Muslims offer sweets to each other after Supreme Court's verdict outside the Shah-e-alam shrine in Ahmedabad, India, Saturday, Nov. 9, 2019. The apex court on Saturday cleared the way for the construction of a Ram Temple at the disputed site at Ayodhya, and directed the Centre to allot a 5-acre plot to the Sunni Waqf Board for building a mosque. (PTI Photo)

The Muslim side led by Sunni Central Waqf Board on Saturday lost the legal battle in the Ayodhya dispute, even though the Supreme Court decreed the suit partly in their favour by giving then an alternate land in order to remedy the wrongs committed with them.
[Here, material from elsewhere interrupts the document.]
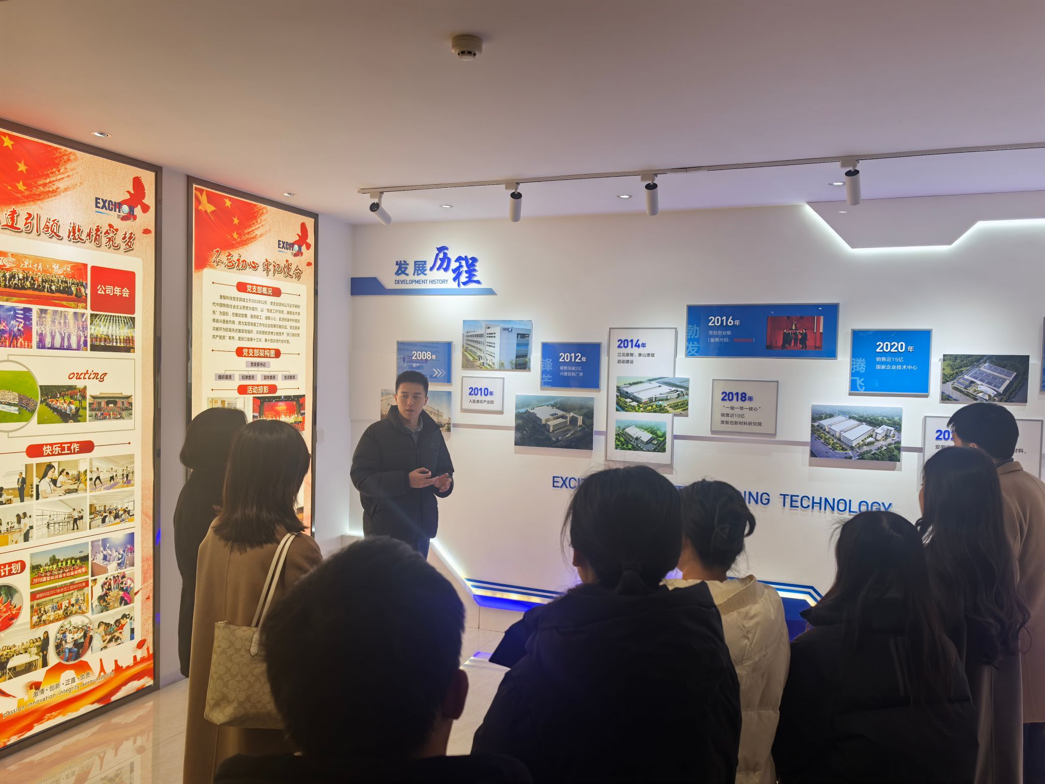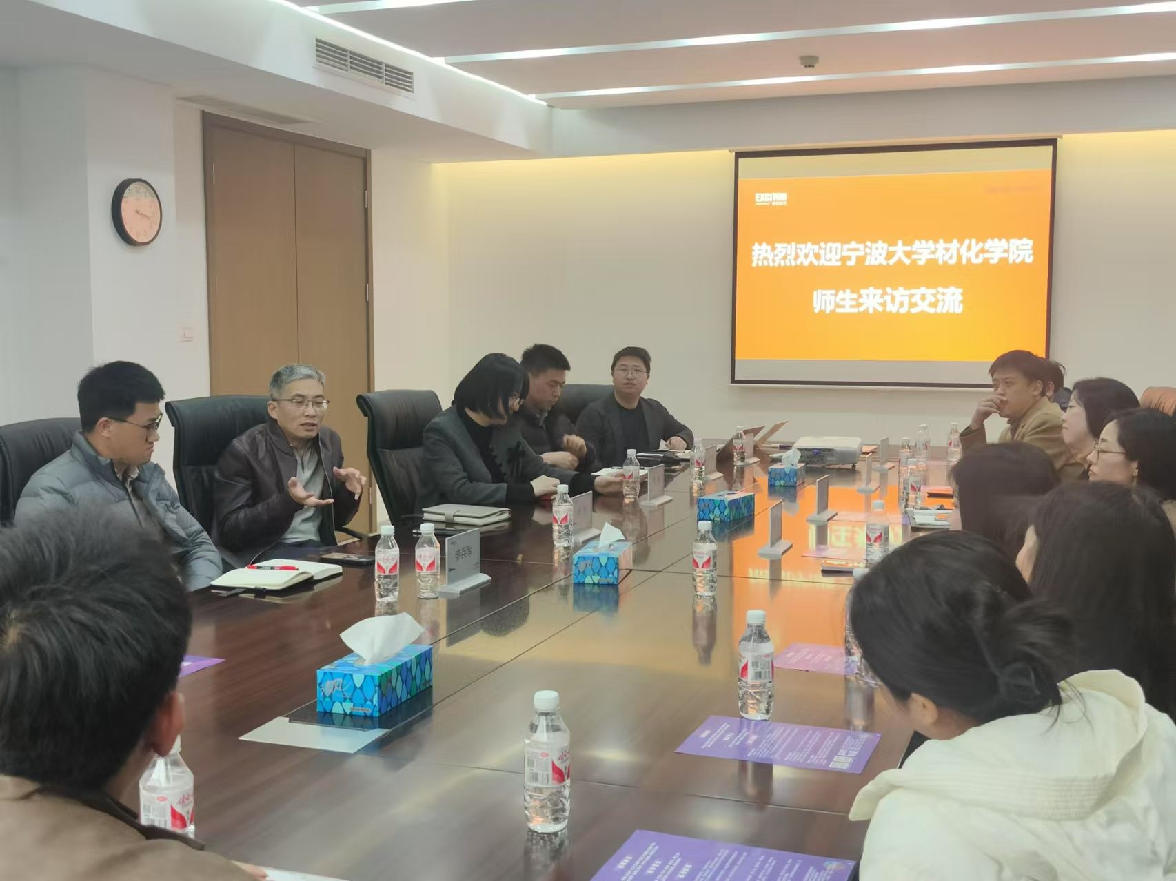在公司负责人带领下,材化PG官方电子网 一行参观了公司展厅,叶志鹏校友详细介绍了公司的发展历程、产品种类、研发流程等情况。随后,校企双方就产学研合作、党建共建等内容和同学们关注的职业发展路径、公司人才培养体系、职业发展前景等问题进行了深入的座谈交流。

The Muslims were ousted from the 1500 square yards of the mosque through acts of damage during communal riots in 1934, desecration in the intervening night of December 22-23 of 1949 when idols were placed inside the mosque, and finally, the demolition of the mosque in 1992, the court noted.

They were wrongly deprived of a mosque, constructed well over 450 years ago, the five-judge bench presided over by Chief Justice Ranjan Gogoi said.
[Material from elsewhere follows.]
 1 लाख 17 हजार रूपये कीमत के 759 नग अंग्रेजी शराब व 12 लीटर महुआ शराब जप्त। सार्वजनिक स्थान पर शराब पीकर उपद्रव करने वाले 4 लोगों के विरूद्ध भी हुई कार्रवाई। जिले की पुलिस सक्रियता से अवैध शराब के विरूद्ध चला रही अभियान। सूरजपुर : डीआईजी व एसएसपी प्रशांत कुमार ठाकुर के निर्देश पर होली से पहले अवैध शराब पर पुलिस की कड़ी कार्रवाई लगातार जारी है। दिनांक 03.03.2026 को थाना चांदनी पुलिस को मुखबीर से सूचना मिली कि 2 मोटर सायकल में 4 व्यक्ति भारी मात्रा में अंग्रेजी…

Despite noting these observations, the top court concluded, “The Sunni Central Waqf Board has not established its case of dedication by a user.”

The court also said the Sunni Waqf Board failed to meet the requirement of its alternate plea of adverse possession.



On the other hand, the bench said, “The Hindus have been in exclusive and unimpeded possession of the outer courtyard where they have continued worship.”

Despite the existence of a mosque, Hindu worship at the place believed to be the birth-place of Lord Ram was not restricted. “The existence of an Islamic structure at a place considered sacrosanct by the Hindus did not stop them from continuing their worship at the disputed site and within the precincts of the structure,” the court said.

The structure of the mosque did not shake the faith and belief of Hindus that Lord Ram was born at the site, it added.

Even after the setting up of the 'Ramchabutra' in about 1857, pilgrims used to pay obeisance to what they believed to be the 'Garbh Grih' inside the three-domed structure while standing at the iron railing established by the British in 1858, which divided the inner and outer courtyards, it noted.

“There is no evidence by the Muslims to indicate that their possession of the disputed structure of the mosque was exclusive and that the offering of namaz was exclusionary of the Hindus,” the bench said.

The Hindu worship at Ramchabutra, Sita Rasoi and at other religious places including the setting up of a Bhandar clearly indicated their open, exclusive and unimpeded possession of the outer courtyard.

Despite the construction of the wall by the British and the Ramchabutra in close-proximity of the inner dome, Hindus continued to assert their right to pray inside the three-domed structure. Testimonies of both Hindu and Muslim witnesses indicate that on religious occasions and festivals such as Ram Navami, Sawan Jhoola, Kartik Poornima, Parikrama Mela and Ram Vivah, large congregations of Hindu devotees visited the disputed premises for darshan.

However, the receiver took possession of the inner courtyard on the installation of idols on December 22-23, 1949.